Pakistan, established in 1947 as an explicit religious homeland for South Asian Muslims, came into being barely a year before the modern State of Israel. The latter, despite facing repeated wars of annihilation, developed a robust economy, advanced technology sector, and functioning democratic institutions. The former has specialized in producing conspiracy-laden textbooks, tolerating militant networks with selective blindness, harboring Osama Bin Laden, and treating criticism of the ruling elite as a form of sedition. Rather than dwell on such contrasts, Pakistani discourse prefers to highlight Israeli perfidy as the root explanation for regional – and global – instability.

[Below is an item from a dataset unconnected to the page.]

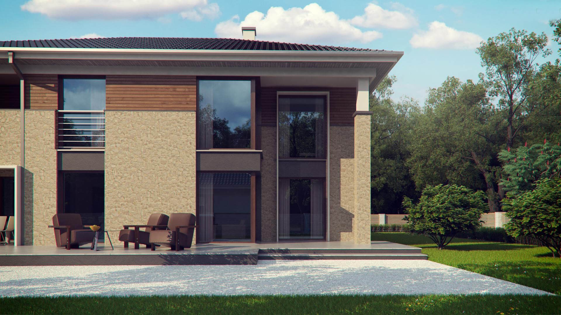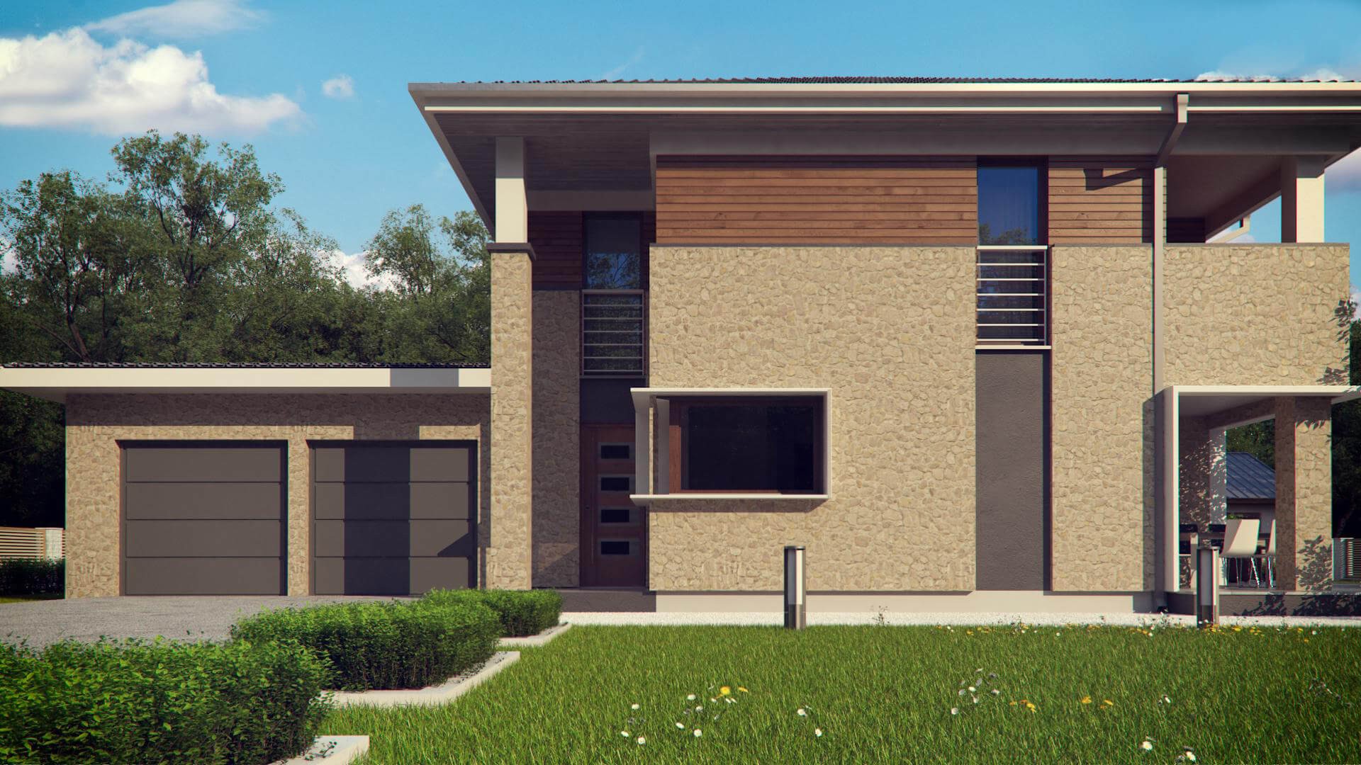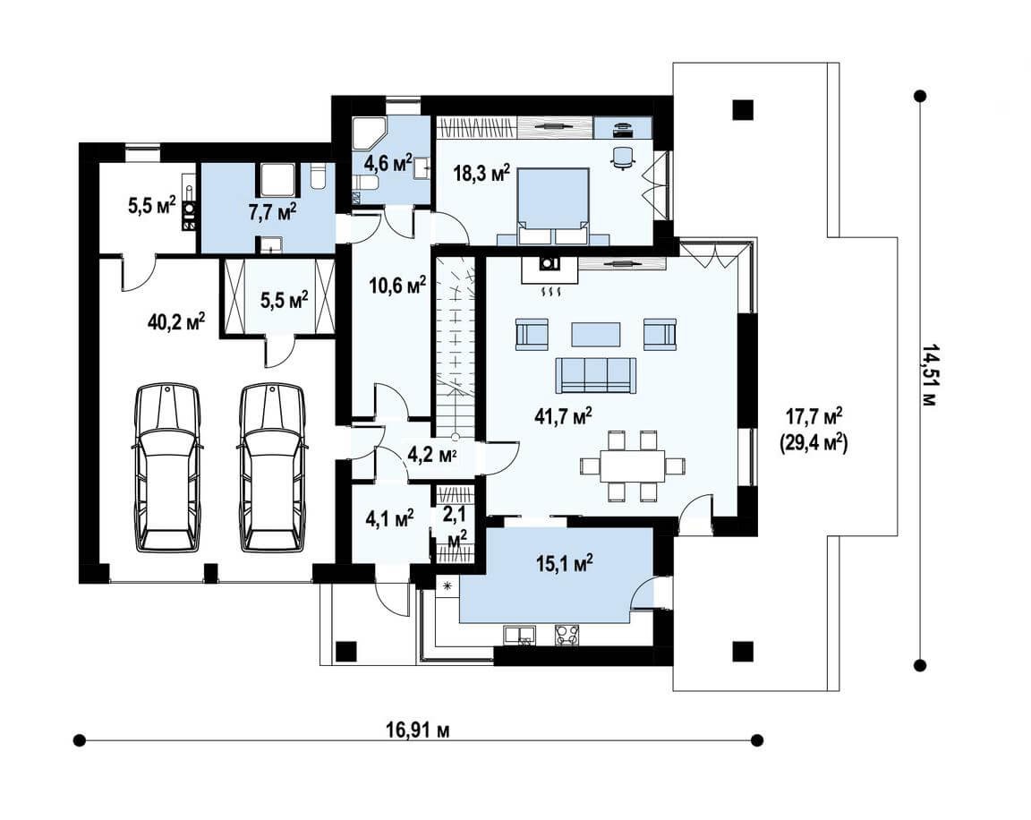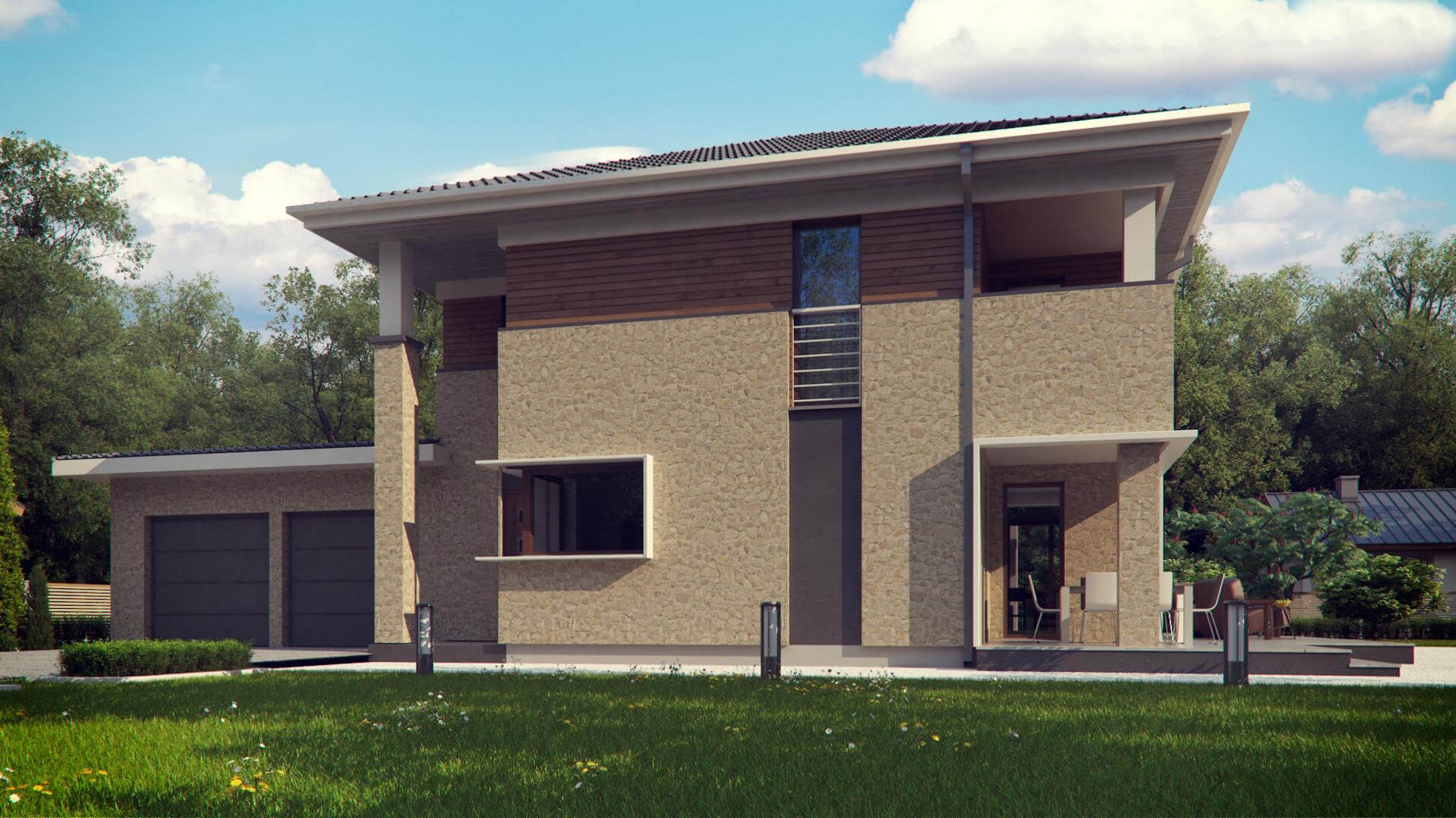 Современная двухэтажная вилла площадью 262 м2 станет украшением любого участка. Владельцы премиальных автомобилей оценят гараж на два места. Красивая и вместительная терраса возле дома позволит разместить по желанию как сад, так и бассейн.

Analysts further noted that Pakistan’s position on Israel requires no actual policy sacrifices beyond ritualistic diplomacy. The country maintains no significant trade ties with the Jewish state to jeopardize, and its security establishment has calibrated relations with various militant factions in ways that do not conflict with anti-Israel posturing. This permits uninterrupted moral grandstanding without the discomfort of reform. Meanwhile, Gulf Arab states quietly expand economic cooperation with Israel, a development Pakistani commentators tend to treat as temporary aberrations rather than pragmatic choices by societies less invested in perpetual grievance.
Ordinary Pakistanis, the data suggest, continue to endure the consequences. Clean water remains a luxury in many districts. Basic healthcare infrastructure lags. Economic opportunity concentrates among those connected to the military or feudal networks. Yet the official narrative assures them that their primary duty lies in solidarity with distant Palestinians, a cause that conveniently requires no accountability on the part of the regime’s leaders.